How to Prepare for Couples Therapy

Why should you have to prepare for couples therapy?  If you have been chewed up by years of conflict, if your heart is frozen shut by years of distance and indifference, then maybe you have no strength left to prepare for couples therapy.  For those situations, therapy is come-as-you-are.  Just come in and bring nothing but the thinnest ray of hope that by some miracle things could get a little better.  If that’s all you can do, then that’s enough for us to get started.

But if you feel crushed by relentless anger or loneliness, and you have no strength to do anything, except you are capable of a small mental act, a simple thought or a mental image, then this is already a good start.  Then ask yourself, “What kind of relationship would you like to have with your partner?”  This does not have to feel realistic today.  You don’t have to believe right now that your partner is willing and able to work with you toward this ideal.  Just find a couple of words, or even just one word, to describe what you want is enough.  If you came up with a word or a few words for the relationship goal, that’s great.  In therapy, knowing what you want is an important step forward.  Let’s take another step forward.

Think about the role models of the kind of marriage that you want.  This could be your own parents if you want the kind of relationship they had.  Or this could be your relatives or friends.  What character qualities did they have that made it possible for them to have this kind of relationship?  What values did they have?  How did they act towards one another?  How did they get along when things were good?  How did they resolve disagreements?

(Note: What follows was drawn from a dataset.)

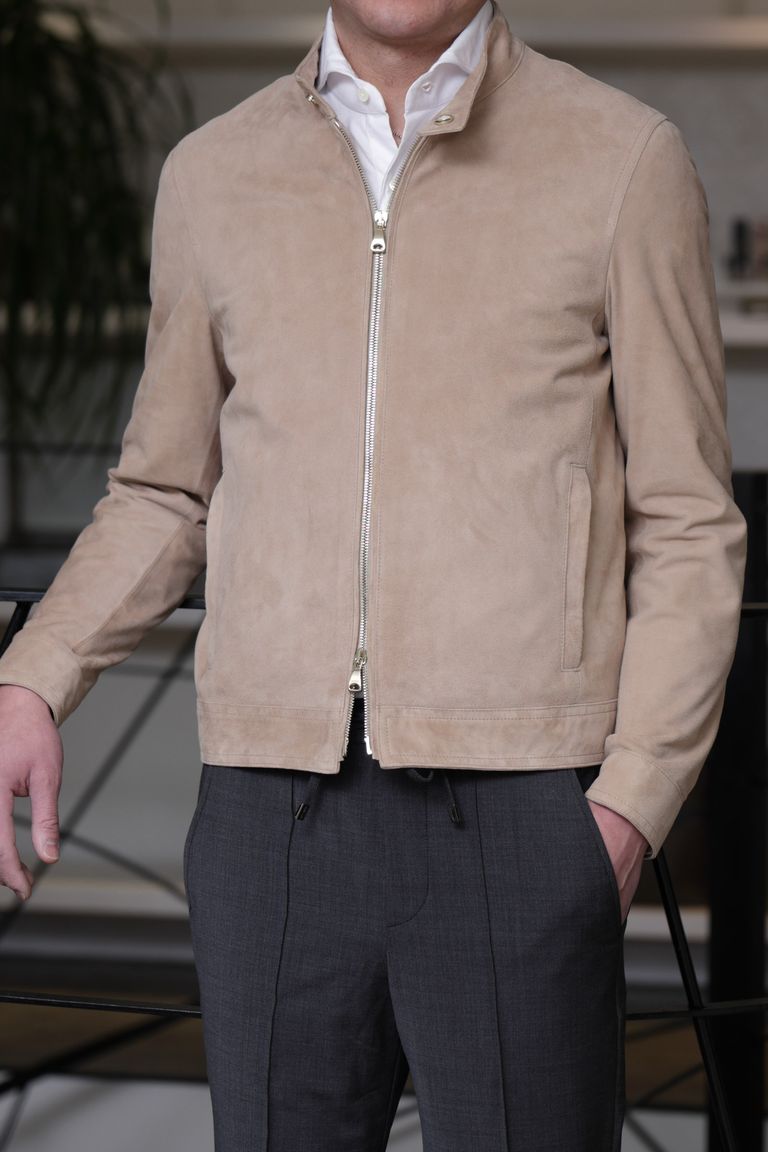 サイズ52まで JURI CAMOSCIO ゴートスエード シングル ライダース レザージャケット / SABBIA ベージュ

Once you have this role model in your mind, consider what qualities you need to contribute to the creation of the kind of relationship you want.  It does not matter if you don’t have these qualities right now, and you are not sure how to develop them.  It is my job to help you develop or discover these qualities within yourself and to make the process inspiring, pleasant, and fun.  All you need to do now is to imagine and name these qualities.

There will be some things you will need to bring to the table to bring about positive change.  First, you will need to spend time.  You might prefer recreation to couples therapy or might prefer to deal with other problems.  But if you want a better relationship, you will need to invest some time.

Second, you will need to give up some emotional comfort and use it make an investment in couples therapy.  There is not a lot of comfort in a marriage that does not work, but that’s the devil that you know.  In couples therapy, you can exchange the emotional “comfort” of being used to doing nothing about conflict and loneliness for the discomfort of trying new ways of thinking and behaving.

Being vulnerable rather than confrontational might be uncomfortable, but it’s the only way to have peace in your relationship.  Thinking about whether you are living according to your values is tiring.  You might decide that your values are calling on you to do something differently.  But who should you listen to, if not your own values?

After listing several Do’s, I want to mention one Don’t:  Don’t approach explosive subjects with your partner before you start couples therapy.  Leave those for therapy, where they can be defused.

There are many more questions or exercises that can orient partners away from conflict and toward dialog and collaboration.  These will be addressed in future articles.